Print only the lines running from the line with "The Passports Drape" to the final line below, both included, exactly as written and without the pictures.

Supplied entries
= = = = =

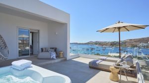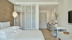 Суитите в хотела са оборудвани с тераса с изглед към Егейско море, кафемашина и хладилник. Някои стаи имат собствен басейн.
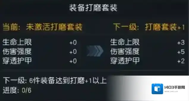 值得一提的是,打磨系统还有套装效果,当一套装备达到一定的等级后即可激活,除了一级打磨之外,每三级都会激活新的打磨套装效果,打磨套装效果有额外的生命上限、伤害强度一级穿透护甲数值加成。
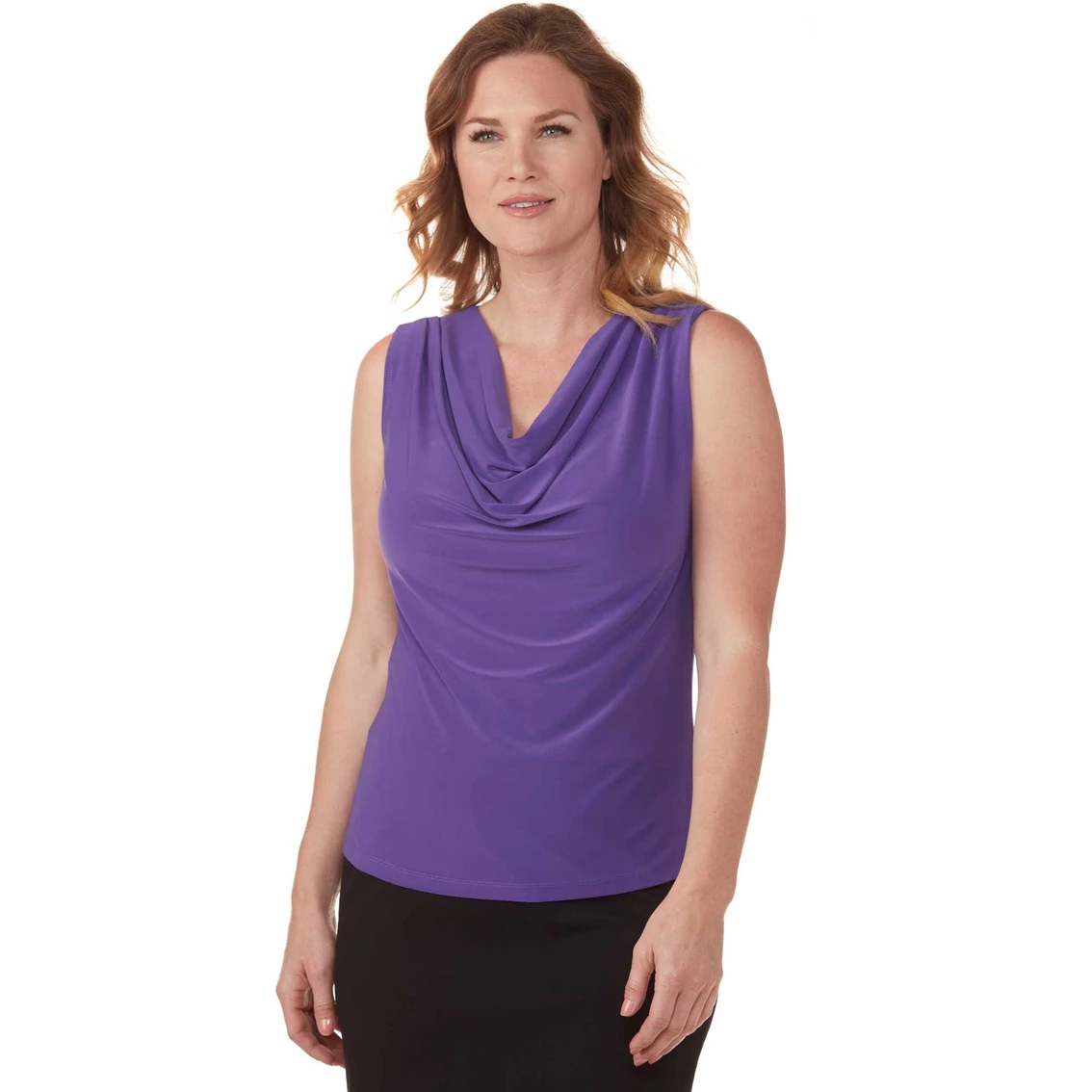 The Passports Drape Neck Tank Top is breathable and stretchy, great for casual all day wear. It’s made with a polyester and spandex blend material and is easy to care for because it can be machine washed. Style: PDNTRK.
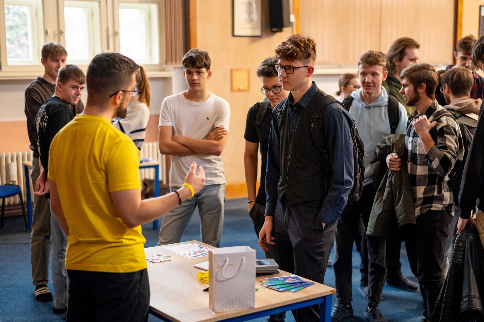 Během hodiny a půl zhlédli gymnazisté pětiminutové prezentace Západočeské univerzity, Fakulty aplikovaných věd, Fakulty designu a umění Ladislava Sutnara, Fakulty ekonomické, Fakulty elektrotechnické, Fakulty filozofické, Fakulty pedagogické, Fakulty právnické, Fakulty strojní i Fakulty zdravotnických studií. Poté byli zástupkyně a zástupci fakult připraveni odpovídat na individuální otázky ve stáncích. Tuto příležitost mohli využít také žáci a žákyně čtvrtých ročníků.
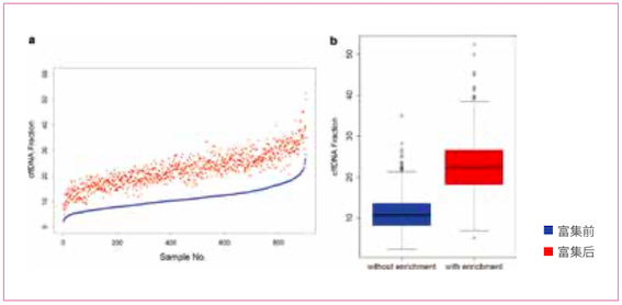 博奧晶典與南京市婦幼保健院合作開發(fā)的胎兒游離DNA富集方法可用于NIPT的檢測(cè)?;仡櫺缘貙?duì)1415份孕婦外周血血漿樣品進(jìn)行了胎兒游離DNA富集,將結(jié)果與最初的NIPT結(jié)果進(jìn)行比較,結(jié)果表明胎兒DNA 濃度由11.3±4.2%提高到22.6±6.6%,實(shí)驗(yàn)失敗率顯著降低(0.1%對(duì)0.7%,P<0.01)。此外,在45.5%的假陰性病例中,采用胎兒濃度富集的新方法成功檢測(cè)到胎兒三體[1]。

= = = = =

Problem solution
 The Passports Drape Neck Tank Top is breathable and stretchy, great for casual all day wear. It’s made with a polyester and spandex blend material and is easy to care for because it can be machine washed. Style: PDNTRK.
 Během hodiny a půl zhlédli gymnazisté pětiminutové prezentace Západočeské univerzity, Fakulty aplikovaných věd, Fakulty designu a umění Ladislava Sutnara, Fakulty ekonomické, Fakulty elektrotechnické, Fakulty filozofické, Fakulty pedagogické, Fakulty právnické, Fakulty strojní i Fakulty zdravotnických studií. Poté byli zástupkyně a zástupci fakult připraveni odpovídat na individuální otázky ve stáncích. Tuto příležitost mohli využít také žáci a žákyně čtvrtých ročníků.
 博奧晶典與南京市婦幼保健院合作開發(fā)的胎兒游離DNA富集方法可用于NIPT的檢測(cè)?;仡櫺缘貙?duì)1415份孕婦外周血血漿樣品進(jìn)行了胎兒游離DNA富集,將結(jié)果與最初的NIPT結(jié)果進(jìn)行比較,結(jié)果表明胎兒DNA 濃度由11.3±4.2%提高到22.6±6.6%,實(shí)驗(yàn)失敗率顯著降低(0.1%對(duì)0.7%,P<0.01)。此外,在45.5%的假陰性病例中,采用胎兒濃度富集的新方法成功檢測(cè)到胎兒三體[1]。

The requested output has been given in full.